I should have made her pull up a stream of “If I Had a Hammer” by Seeger’s band the Weavers to enjoy. For spite.

All this whisper-hush hub-bub and . . . we haven’t even made it to the intermission: one which director James Mangold made an artistic choice to incorporate into his one hundred forty minute/two hour twenty minute film to conjure the cinema days of yesteryear . . . when “epic films” had intermissions. (His biographical sports drama, Ford vs. Ferrari (2019), clocked at a wee-longer one hundred fifty-two minutes/two hour thirty-two minutes.)

You’d think I was making my baby sit on the couch to watch Martin Scorcese’s three-hour plus western, Killers of the Flower Moon (2023), or his equally-long gangster epic, The Irishman (2019), from the streaming comforts of home. Even with the fact we watched each film in two parts with a couple of days break in between: Then, again: I left her to her own devices with the three-hour behemoth that is Avengers: Endgame (2019) because I am no competition for the chest and abs and pearly whites of Robert Downey Jr. or Chris Evans. No, the fact that she’s watching, yet another, James Mangold movie, that he made The Wolverine (2013) and Logan (2017) with her beloved Hugh Jackman, had zero meaning in her social media lifecycle: Bon Jovi and not Bob Dylan: that’s her jam.

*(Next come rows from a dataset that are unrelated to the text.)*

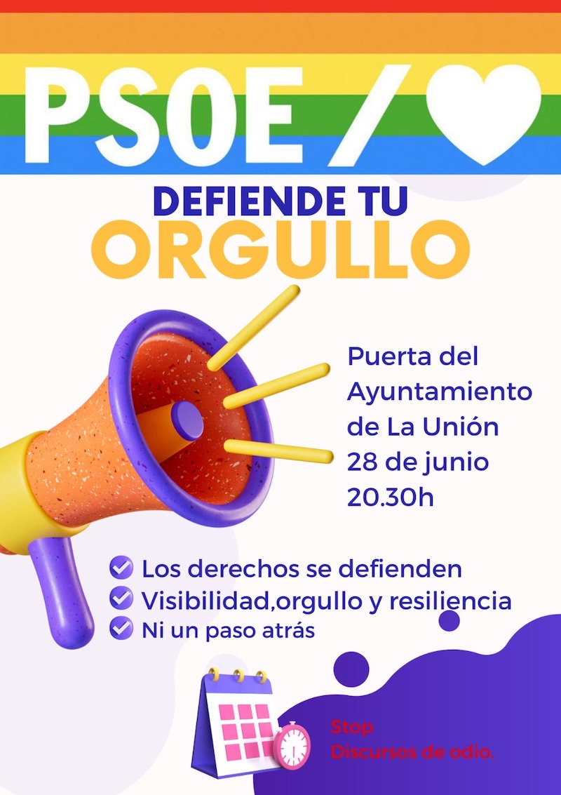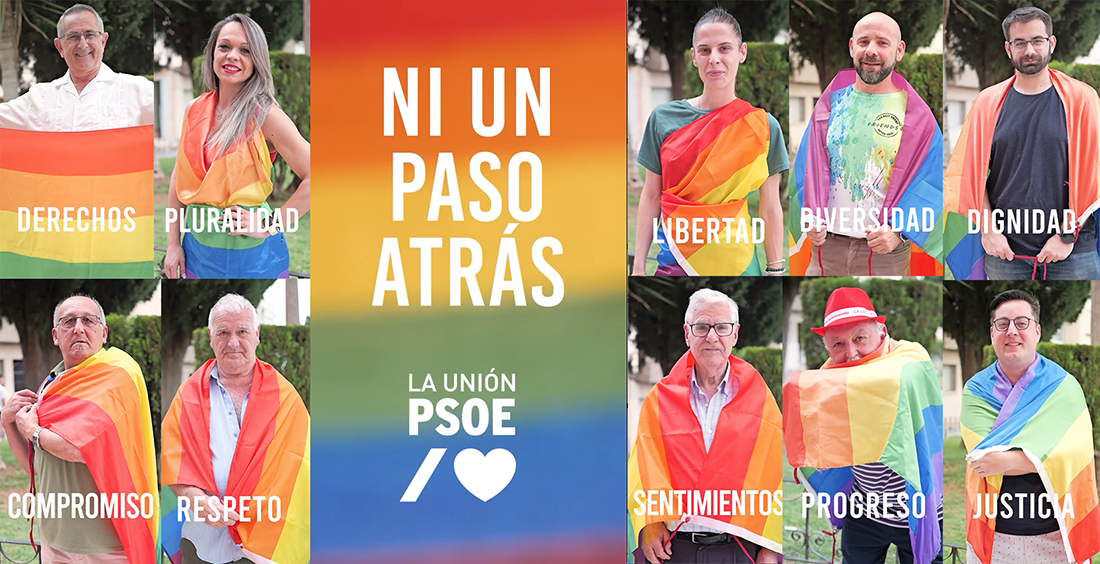 Por todo ello, desde el PSOE animamos a todos nuestros militantes y simpatizantes, y a todas las personas que sienten orgullo de vivir en uno de los países del mundo que más respetan los derechos de las personas LGTBI, a unirse a los actos del Orgullo. A defender y reivindicar que no estamos dispuestos a retroceder ni un milímetro a un pasado gris y reaccionario, sino a seguir avanzando con paso firme hacia el futuro.
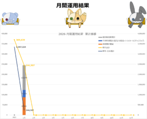 先週に引き続き、今週も-14.2万円とマイナス着地となりました。含み益率は47.26%まで後退。年初のロケットスタートから一転、2週連続の調整局面です。決算発表や重要イベントが重なり、相場のボラティリティが高まった結果、少し揺さぶられた形ですね。米国ハイテクのGAFAMが決算でAI投資額が大きすぎて、行き過ぎなんじゃないか?というリスクを予感させる結果で株価が下がっているようです。
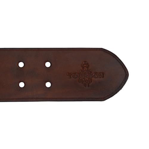 More information about TOURBON Vintage Brown Leather Belt 32-47 inch for Men, 2 inch Wide Work Waist Belt with Double Prong
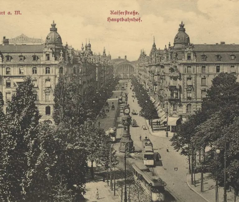 Mit dem Bau des Bahnhofs, der damals einsam in der Landschaft stand, wurde diese Gegend für die Stadt erschlossen und innerhalb weniger Jahre zu einem belebten Stadtviertel. War die von der Innenstadt zum Bahnhof führende Kaiserstraße in den 1880ern nur in ihrem stadtnahen Teil bebaut, entwickelte sie sich bald zu einer eleganten und gefragten Adresse – in „Der Zukunft Schatten“ zieht auch das Bankhaus Wallenfels an diesen renommierten Ort.

Hey, wait a minute . . . there was no intermission in A Complete Unknown. However, with my baby’s (lack of) cinematic tastes for CGI superheroes: even if there was an artistic break . . . it wouldn’t have made a difference: no one died in a hail of bullets or explosions.

So, with that: I attended the art-horror that is Nosferatu (2024)— clocking at a leisurely two hour twelve minutes — alone. My baby’s not a fan of horror films, anyway— not even well-made ones with the mesmerizing Bill Skarsgård as Count Orlok and Willem Dafoe as an ersatz Van Helsing. Besides, a pesky film about vampires will cut into her swipe-right TikTok Poshmark time . . . as my going on about the F. W Murnau 1922 original or Werner Herzog’s 1979 remake will only cause a roll of the vision orbs in her head. So, there’s no way — even with an intermission to break its three hour thirty-four minute run time — she’s coming with me to watch Brady Corbet’s multiple award-nominated and winning masterpiece, The Brutalist.

Yes, I am resigned to the fact my baby is an action whore who loves a shirtless Gerard Butler and her apps more than me: ibattle tech for her iheart. Maybe I’ll have better luck when the hair-metal era — her era — is chronicled in that Jon Bon Jovi biographical flick . . . if we’re still together. I cringe at the thought of her breaking out the Aqua Net (and spandex pants, studded leather jacket, and knee-high boots ensemble) for the film premiere, as she did when I took her to see Judas Priest and Iron Maiden.

Oh, no. We’ve turned into my mom and dad . . . only getting ready for rock concerts. I’m doomed.

Battling tech for the heart of another. Photo by Frederik Lipfert on Unsplash.

Back in the analog days of old, before digital streaming and before home video, the only way to enjoy a film was in the cinema. There were no “home theaters” or man cave-movie rooms to order-in a movie on your voice remote or yank out a classic from your personal hard-media collection (there’s still VHS tapes in mine; yeah, audio cassettes in the music collection, too). There were no smart(dumb)televisions with a manufacturer’s prepackaged on-demand plus channel to stream movies.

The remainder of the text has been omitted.